The llama.cpp b9864 release introduces a change to the server's Server-Sent Events (SSE) handling, allowing the ping interval to be configured on a per-request basis. This update ensures that slow prefill operations do not drop healthy connections by pinging silent streams every 1 second and kicking them only after 3 seconds.
- The global default for sse_ping_interval returns to 30, maintaining API client behavior while the WebUI sends sse_ping_interval: 1 in the request body.
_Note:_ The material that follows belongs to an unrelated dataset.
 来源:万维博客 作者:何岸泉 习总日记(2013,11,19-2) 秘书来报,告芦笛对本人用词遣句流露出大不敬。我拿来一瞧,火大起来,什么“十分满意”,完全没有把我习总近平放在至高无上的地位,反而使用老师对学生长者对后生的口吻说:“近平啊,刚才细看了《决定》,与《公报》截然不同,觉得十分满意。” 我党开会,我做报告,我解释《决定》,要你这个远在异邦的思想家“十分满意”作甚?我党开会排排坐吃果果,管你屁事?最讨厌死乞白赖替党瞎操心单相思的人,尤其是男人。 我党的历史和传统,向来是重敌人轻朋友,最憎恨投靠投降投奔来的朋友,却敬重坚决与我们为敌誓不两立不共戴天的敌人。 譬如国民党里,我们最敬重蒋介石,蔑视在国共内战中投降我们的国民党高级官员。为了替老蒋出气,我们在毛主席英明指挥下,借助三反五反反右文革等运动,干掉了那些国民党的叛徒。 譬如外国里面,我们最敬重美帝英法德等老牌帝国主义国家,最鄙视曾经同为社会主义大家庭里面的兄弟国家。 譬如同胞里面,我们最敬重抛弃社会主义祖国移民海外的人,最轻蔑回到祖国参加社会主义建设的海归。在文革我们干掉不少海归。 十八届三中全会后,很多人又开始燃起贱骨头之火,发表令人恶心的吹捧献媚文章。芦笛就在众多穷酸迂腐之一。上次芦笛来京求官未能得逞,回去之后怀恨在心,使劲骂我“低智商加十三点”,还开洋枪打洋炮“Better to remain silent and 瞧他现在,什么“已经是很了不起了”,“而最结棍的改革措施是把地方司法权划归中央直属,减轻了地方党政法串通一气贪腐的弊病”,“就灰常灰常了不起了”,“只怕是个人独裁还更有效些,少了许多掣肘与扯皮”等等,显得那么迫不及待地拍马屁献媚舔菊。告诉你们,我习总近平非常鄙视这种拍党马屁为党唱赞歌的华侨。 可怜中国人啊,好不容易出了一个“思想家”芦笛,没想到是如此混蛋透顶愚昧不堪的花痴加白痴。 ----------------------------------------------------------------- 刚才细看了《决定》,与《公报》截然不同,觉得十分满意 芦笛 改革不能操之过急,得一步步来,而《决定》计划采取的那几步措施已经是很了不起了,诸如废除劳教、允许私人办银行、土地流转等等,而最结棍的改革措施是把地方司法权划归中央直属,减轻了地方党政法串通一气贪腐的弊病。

- The field is now a typed field_num with hard limits (-1, INT32_MAX) bound to task_params, providing free type and range validation.
- macOS builds include Apple Silicon (arm64), Intel (x64), and iOS XCFramework, with KleidiAI disabled.
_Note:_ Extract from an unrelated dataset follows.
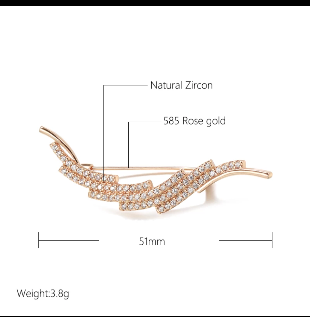 Fino broche de oro rosa 585 (grabado en su interior) para mujer, en forma de arco con incrustaciones de circónes naturales. Tendencia 2022.

- Linux binaries are available for Ubuntu x64 and arm64 (CPU, Vulkan, ROCm 7.2, OpenVINO, SYCL FP32/FP16).
- Windows supports CPU, OpenCL Adreno, CUDA 12/13, Vulkan, OpenVINO, SYCL, and HIP.
- Android arm64 (CPU) and openEuler x86/aarch64 (ACL Graph) builds are also provided.
This update helps users by preventing connection drops during slow prefill phases while allowing the WebUI to declare its specific visibility-kick cadence needs.